Because of the slight limitations I have had the last few weeks I have become very frustrated. The pain comes and goes, so I always get my hopes up that it is gone. But wham, its back! 

I didn’t realize how much I was complaining and how anger I was until my husband asked if I wanted a blessing. (I SHOULD HAVE ASKED WEEKS EARLY!!!!) Of course, I knew it was exactly what I needed. 

My husband gave me a blessing. And the Lord had so much to tell me. I know He was there holding my hand telling me that He understood. I know it is a small thing (especially compared to other people’s illness), but the Lord knows to me it is a trial. He truly knows how I feel. 

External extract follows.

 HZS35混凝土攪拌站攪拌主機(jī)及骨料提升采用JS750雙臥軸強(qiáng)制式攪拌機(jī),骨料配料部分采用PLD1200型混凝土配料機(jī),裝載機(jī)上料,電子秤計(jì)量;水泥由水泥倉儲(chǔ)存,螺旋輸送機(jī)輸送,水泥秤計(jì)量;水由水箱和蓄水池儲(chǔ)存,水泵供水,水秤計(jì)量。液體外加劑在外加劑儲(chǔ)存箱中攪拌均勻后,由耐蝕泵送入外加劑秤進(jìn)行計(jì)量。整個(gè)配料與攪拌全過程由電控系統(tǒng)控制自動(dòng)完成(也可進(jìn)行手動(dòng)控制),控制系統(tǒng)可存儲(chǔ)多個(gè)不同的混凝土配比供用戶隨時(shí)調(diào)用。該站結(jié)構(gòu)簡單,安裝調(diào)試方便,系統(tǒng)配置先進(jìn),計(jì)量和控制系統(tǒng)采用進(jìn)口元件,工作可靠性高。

Another part that stood out in the blessing was that the Lord said something a long the lines of...you worked hard to get this body. You were so excited to get it. Treasure it! Lean on me. I will guide you to doctors and people that can help you. 
I know I get so caught up in what I have that when it’s gone I get so angry. I know (or think) we all do.... Like when I get a cold/ sinus infection. I can’t taste anything. My head is pounding. My body achy. I wish it would go away so bad. I want to breathe, taste and have energy. But right when that is gone, I don’t even notice. It is just a part of everyday life. 

I am grateful for this physical affliction right now. It gives me time to trust in the Lord more. I have the opportunity to be reminded every day that I have been given such a beautiful gift, my body.  

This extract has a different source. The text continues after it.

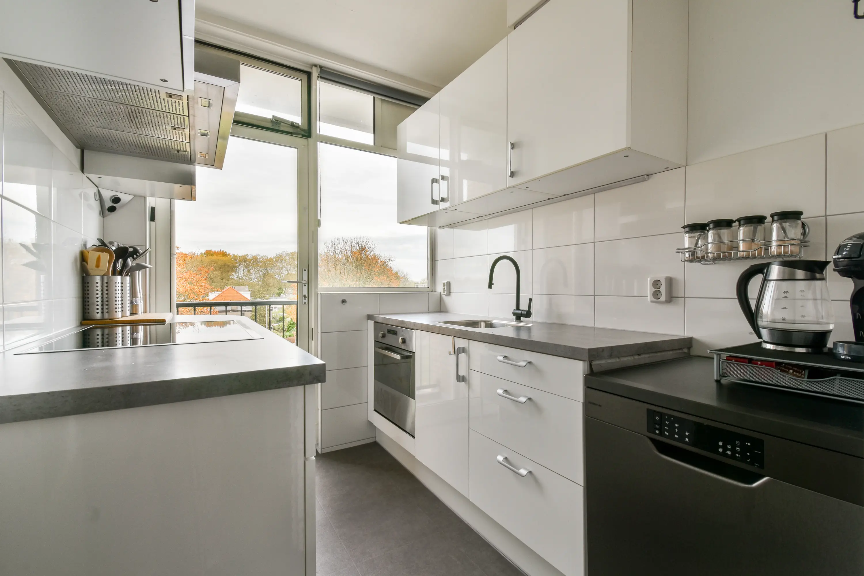 Moderne keuken, gelegen aan de voorzijde en uitgevoerd in een neutrale kleurstelling, geplaatst in een praktische opstelling aan twee zijden. Voorzien van diverse kasten, lades en inbouwapparatuur: inductiekookplaat, afzuigkap en een heteluchtoven. Vanuit de keuken heb je toegang tot het balkon aan de voorzijde.

I came across this video today (and even though watching it was sorta weird the words and the message are awesome!)




I hope we can call realize the miracles that are around us everyday. 

Much love! 

3 comments:

  1. I'm sorry you are having such a hard time physically! I used to have gallbladder pain and it HURTS!!! Glad you had such a great Spiritual experience with it though. That's awesome!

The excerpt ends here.